# Task to complete
From the listing below, output the lines between the one with "幅160cmサイズベッドが入" and the one with "Navegue até https://bartio.bend.berachain.com/dashboard/", including those two, and nothing else. Pictures are not copied.
##### Provided records
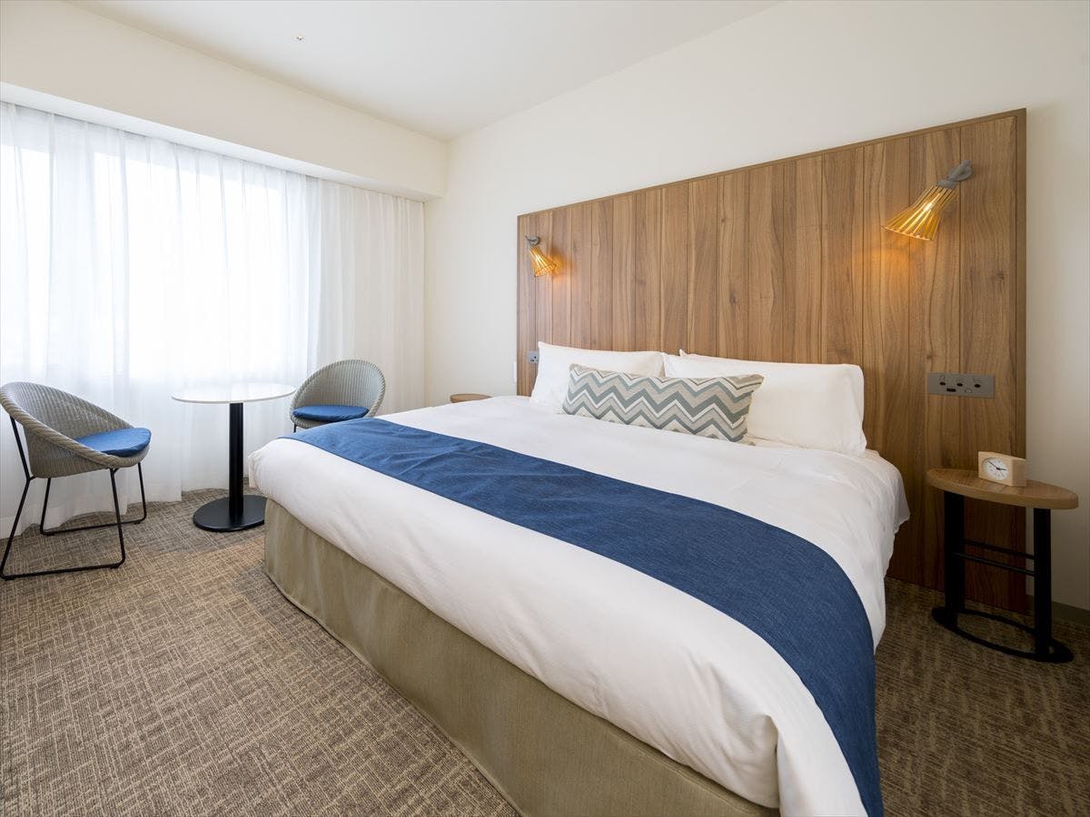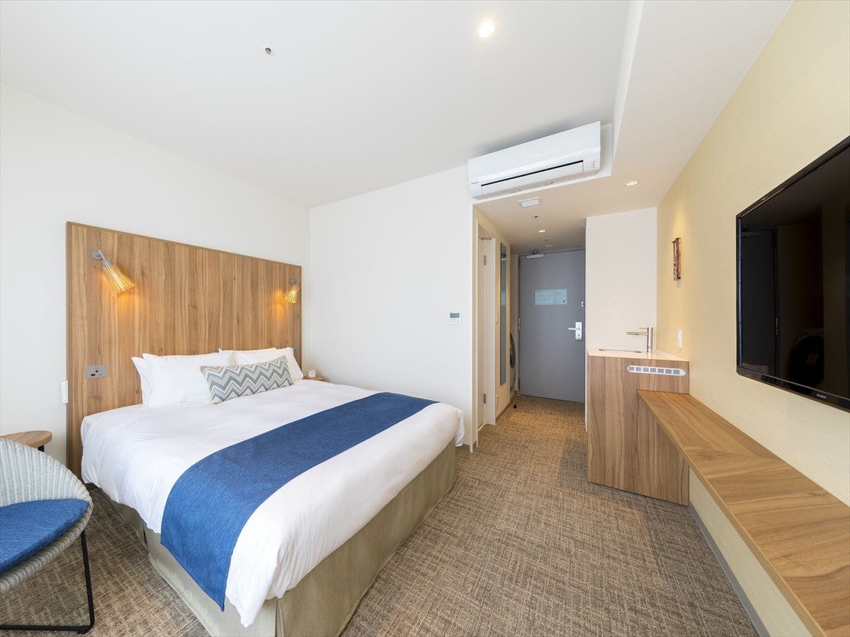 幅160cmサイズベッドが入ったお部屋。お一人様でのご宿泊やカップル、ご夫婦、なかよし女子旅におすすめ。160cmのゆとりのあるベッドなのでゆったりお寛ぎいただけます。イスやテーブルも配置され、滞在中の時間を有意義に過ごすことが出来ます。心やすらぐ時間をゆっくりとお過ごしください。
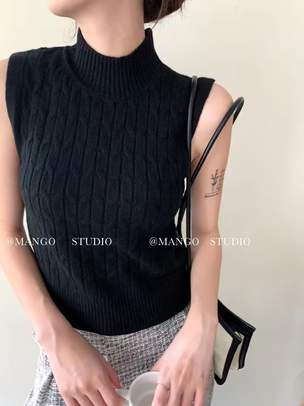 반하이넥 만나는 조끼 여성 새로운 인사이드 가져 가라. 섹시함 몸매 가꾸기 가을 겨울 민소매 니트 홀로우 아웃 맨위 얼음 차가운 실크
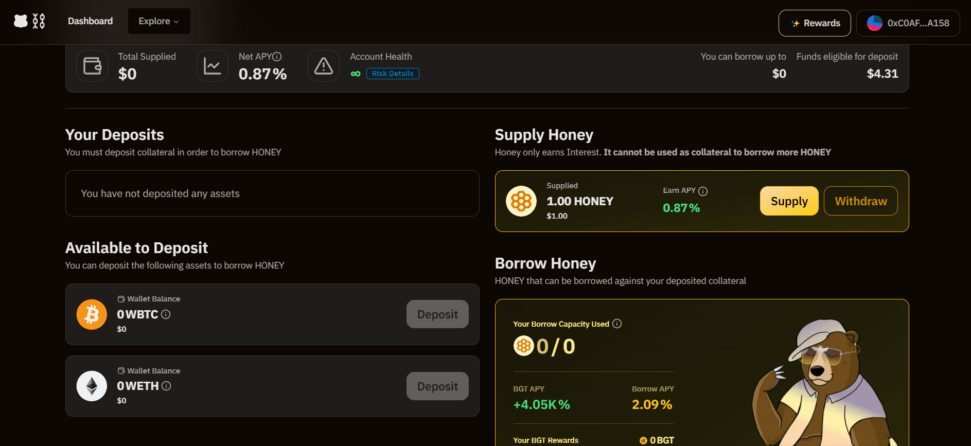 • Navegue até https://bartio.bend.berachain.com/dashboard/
##########
##### Provided records
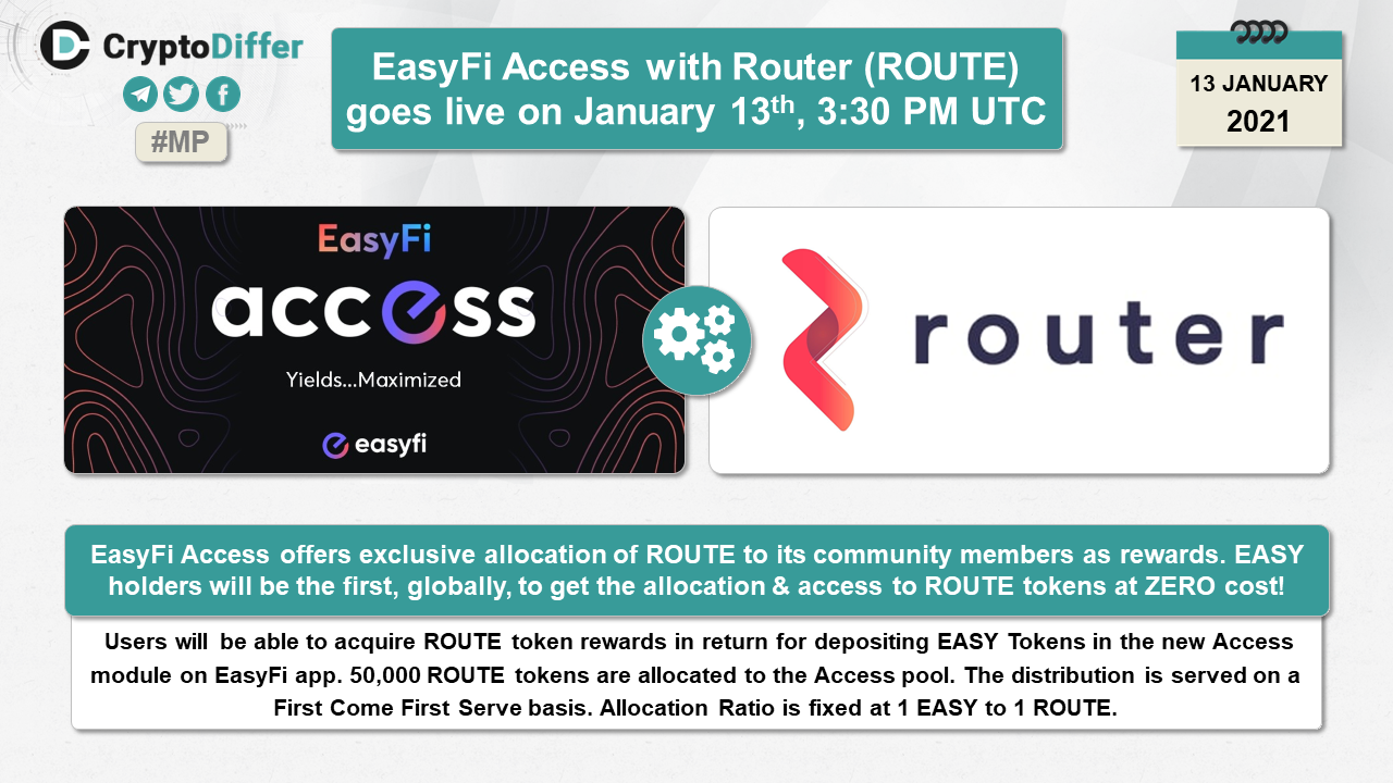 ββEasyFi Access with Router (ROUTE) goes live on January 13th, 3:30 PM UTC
##########
# Completed exercise
 幅160cmサイズベッドが入ったお部屋。お一人様でのご宿泊やカップル、ご夫婦、なかよし女子旅におすすめ。160cmのゆとりのあるベッドなのでゆったりお寛ぎいただけます。イスやテーブルも配置され、滞在中の時間を有意義に過ごすことが出来ます。心やすらぐ時間をゆっくりとお過ごしください。
 반하이넥 만나는 조끼 여성 새로운 인사이드 가져 가라. 섹시함 몸매 가꾸기 가을 겨울 민소매 니트 홀로우 아웃 맨위 얼음 차가운 실크
 • Navegue até https://bartio.bend.berachain.com/dashboard/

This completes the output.